RECORDS TO USE Start Marker
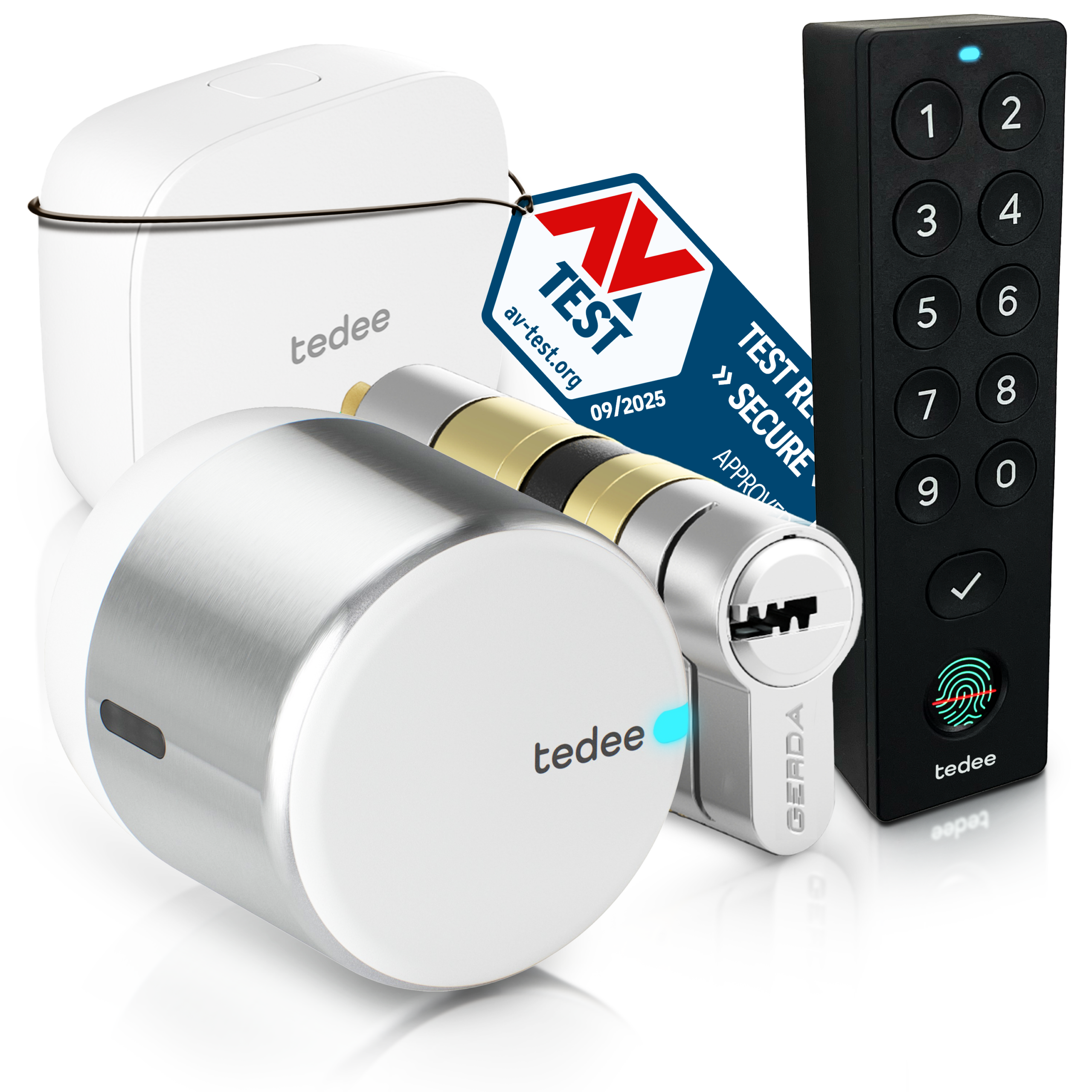 Dall’accesso con smartphone al controllo remoto fino allo sblocco tramite PIN: questo bundle include Tedee GO2, Tedee Bridge e Tedee Keypad PRO, per un’esperienza completamente senza chiavi.
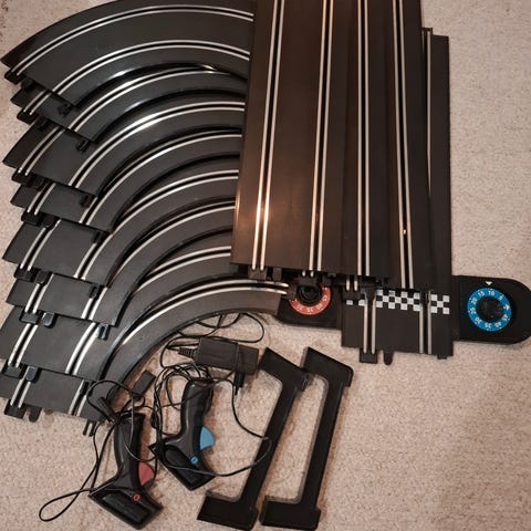 Autoista vain yksi tällä hetkellä ajokunnossa, muita emme ole osanneet korjata. Rata siis täysin ehjä ja käyttökunnossa, mutta meidän pojilla ei riitä mielenkiinto rassata näitä, eikä itsellä osaaminen.
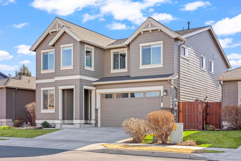 This spacious, stylish, Pahlisch home offers 2,780 sq ft of versatile living space with 4 bedrooms, 3 baths, an office, & a large bonus room or 5th bedroom. Built in 2015, this home features an open-concept design filled with natural light from expansive windows. The great room centers around a cozy gas fireplace, flowing seamlessly into a beautifully appointed kitchen w/black stls stl appliances, quartz countertops, knotty alder cabinetry, a pantry, & plenty of prep and gathering space.Thoughtful updates include LVP flooring, blinds, and ceiling fans, adding both comfort & style. Stay comfortable year-round w/forced air heating, natural gas, & an instant hot water heater. Easy-maintenance backyard complete w/underground sprinklers and a lg covered patio.Enjoy access to community amenities including a pool, parks, and Barnes Butte trails, offering recreation right outside your door. This home truly combines space, function, & lifestyle in one beautiful package.
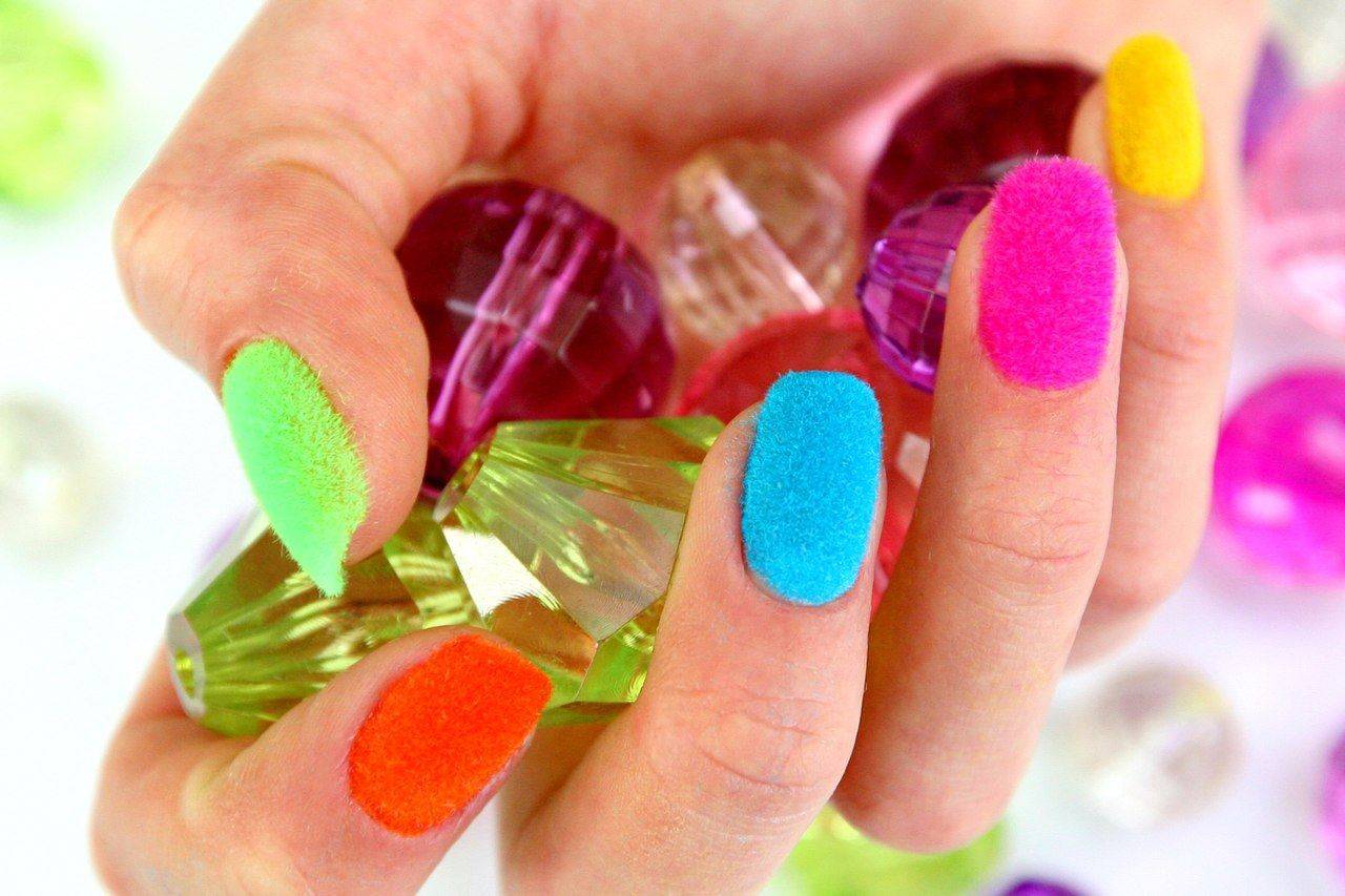 - Ни в коем случае не пробуйте покрывать цветной флок закрепляющим покрытием. Это никак не продлит жизнь бархатному маникюру, а просто создаст на его поверхности некрасивую темную корочку
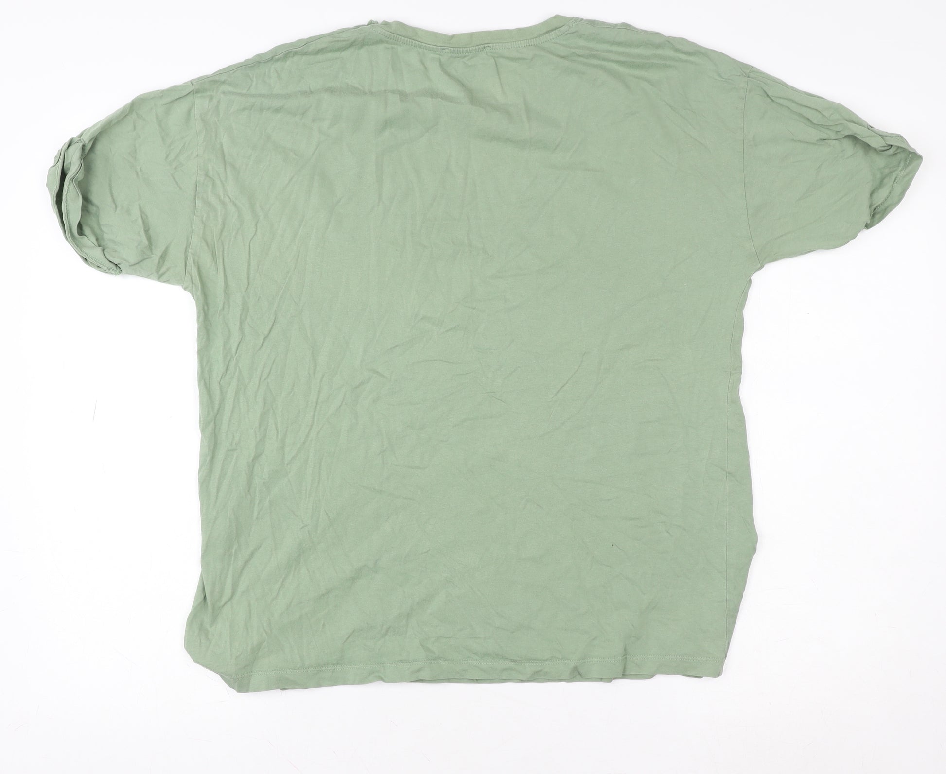 Refresh your casual wardrobe with this effortlessly stylish Zara Women’s Basic T-Shirt in a soft sage green colour. Crafted from 100% cotton, this top offers a breathable and lightweight feel, ideal for everyday wear throughout spring and summer. The design features a classic crew neckline, short sleeves, and a relaxed regular fit that ensures all-day comfort while maintaining a clean, flattering silhouette. Perfect for layering or wearing on its own, the T-shirt carries a minimalist aesthetic with a discreet city-themed slogan print, giving it a modern, urban edge. The durable jersey fabric enhances its versatility, making it suitable for pairing with jeans, skirts, or shorts for an easy, laid-back look. The simple pullover style allows for convenience and ease of wear, while the cotton construction provides softness against the skin. Its solid green tone complements a wide range of outfits and accessories, ensuring it becomes a wardrobe staple for years to come. Designed for the modern woman who values practicality and timeless style, this Zara T-shirt transitions seamlessly from weekend outings to relaxed evenings. It remains in very good pre-owned condition, showing minor signs of wear and light natural creasing consistent with gentle use, retaining its shape and quality. Machine washable for easy care, this piece exemplifies the effortless blend of comfort and minimalist design that Zara is renowned for. Whether styled casually or paired with tailored separates for a high-low ensemble, this cotton tee embodies versatility and understated charm. Add this essential piece to your wardrobe and enjoy the perfect balance of comfort, simplicity, and style.
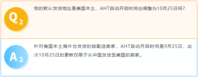 (2)针对美国本土海外仓发货的自配送卖家,AHT自动开启时间是9月25日,此次10月25日的更新适用于从中国发货至美国的卖家。
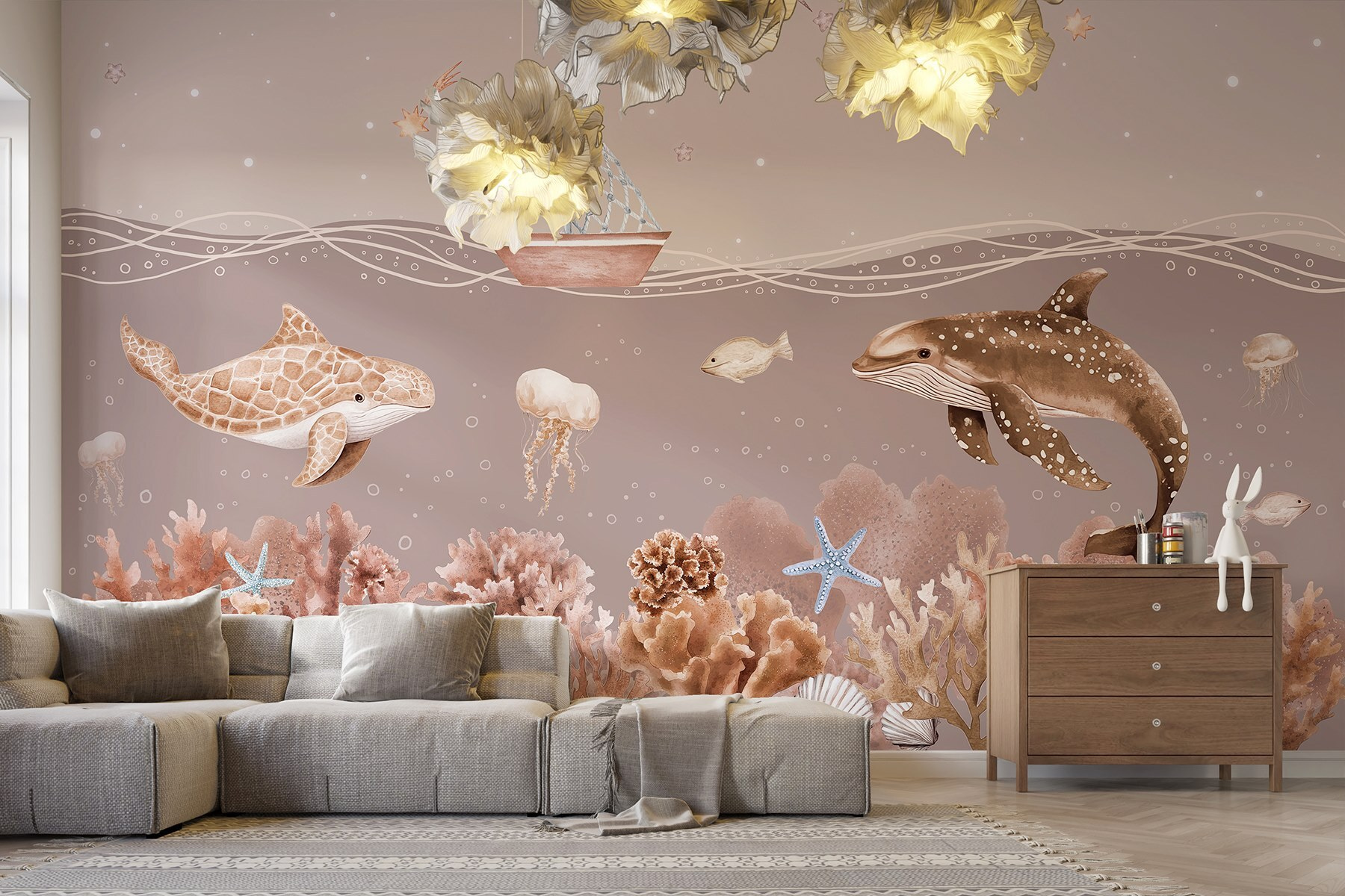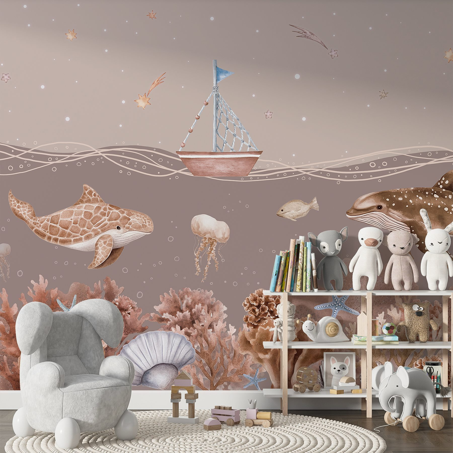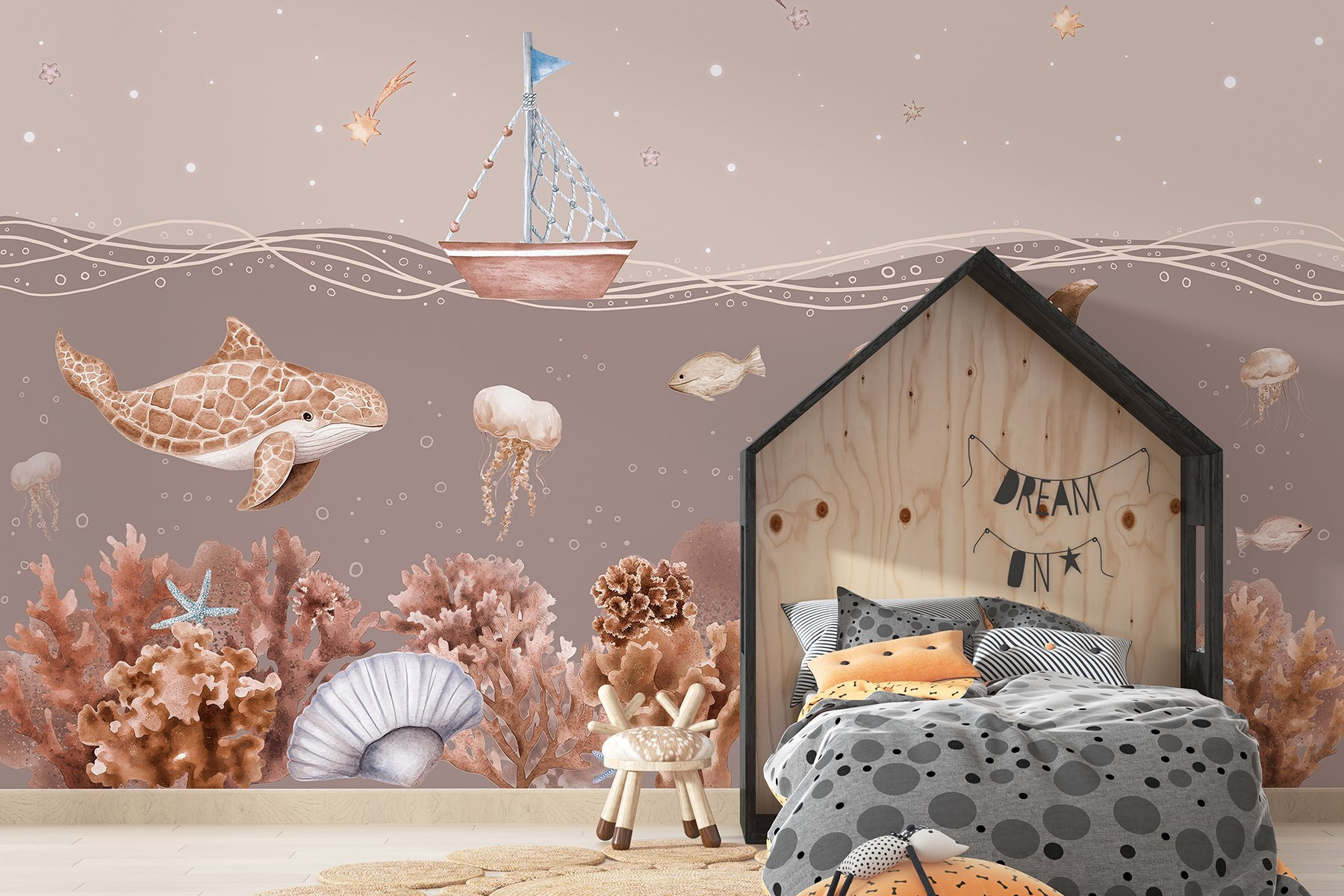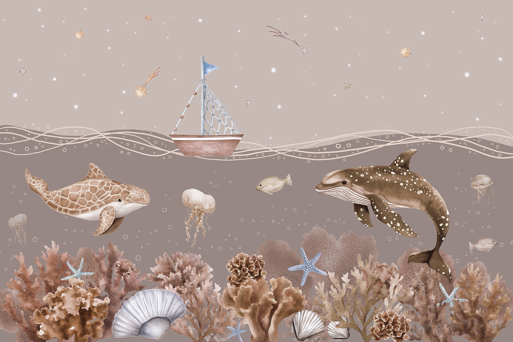 Carta da parati Vita di mare con barca e pesci (SKU: w02310v4)
RECORDS TO USE End Marker
EXERCISE DESCRIPTION:
Write the lines above out again exactly, without any of their pictures.

TASK ANSWER:
 Dall’accesso con smartphone al controllo remoto fino allo sblocco tramite PIN: questo bundle include Tedee GO2, Tedee Bridge e Tedee Keypad PRO, per un’esperienza completamente senza chiavi.
 Autoista vain yksi tällä hetkellä ajokunnossa, muita emme ole osanneet korjata. Rata siis täysin ehjä ja käyttökunnossa, mutta meidän pojilla ei riitä mielenkiinto rassata näitä, eikä itsellä osaaminen.
 This spacious, stylish, Pahlisch home offers 2,780 sq ft of versatile living space with 4 bedrooms, 3 baths, an office, & a large bonus room or 5th bedroom. Built in 2015, this home features an open-concept design filled with natural light from expansive windows. The great room centers around a cozy gas fireplace, flowing seamlessly into a beautifully appointed kitchen w/black stls stl appliances, quartz countertops, knotty alder cabinetry, a pantry, & plenty of prep and gathering space.Thoughtful updates include LVP flooring, blinds, and ceiling fans, adding both comfort & style. Stay comfortable year-round w/forced air heating, natural gas, & an instant hot water heater. Easy-maintenance backyard complete w/underground sprinklers and a lg covered patio.Enjoy access to community amenities including a pool, parks, and Barnes Butte trails, offering recreation right outside your door. This home truly combines space, function, & lifestyle in one beautiful package.
 - Ни в коем случае не пробуйте покрывать цветной флок закрепляющим покрытием. Это никак не продлит жизнь бархатному маникюру, а просто создаст на его поверхности некрасивую темную корочку
 Refresh your casual wardrobe with this effortlessly stylish Zara Women’s Basic T-Shirt in a soft sage green colour. Crafted from 100% cotton, this top offers a breathable and lightweight feel, ideal for everyday wear throughout spring and summer. The design features a classic crew neckline, short sleeves, and a relaxed regular fit that ensures all-day comfort while maintaining a clean, flattering silhouette. Perfect for layering or wearing on its own, the T-shirt carries a minimalist aesthetic with a discreet city-themed slogan print, giving it a modern, urban edge. The durable jersey fabric enhances its versatility, making it suitable for pairing with jeans, skirts, or shorts for an easy, laid-back look. The simple pullover style allows for convenience and ease of wear, while the cotton construction provides softness against the skin. Its solid green tone complements a wide range of outfits and accessories, ensuring it becomes a wardrobe staple for years to come. Designed for the modern woman who values practicality and timeless style, this Zara T-shirt transitions seamlessly from weekend outings to relaxed evenings. It remains in very good pre-owned condition, showing minor signs of wear and light natural creasing consistent with gentle use, retaining its shape and quality. Machine washable for easy care, this piece exemplifies the effortless blend of comfort and minimalist design that Zara is renowned for. Whether styled casually or paired with tailored separates for a high-low ensemble, this cotton tee embodies versatility and understated charm. Add this essential piece to your wardrobe and enjoy the perfect balance of comfort, simplicity, and style.
 (2)针对美国本土海外仓发货的自配送卖家,AHT自动开启时间是9月25日,此次10月25日的更新适用于从中国发货至美国的卖家。
 Carta da parati Vita di mare con barca e pesci (SKU: w02310v4)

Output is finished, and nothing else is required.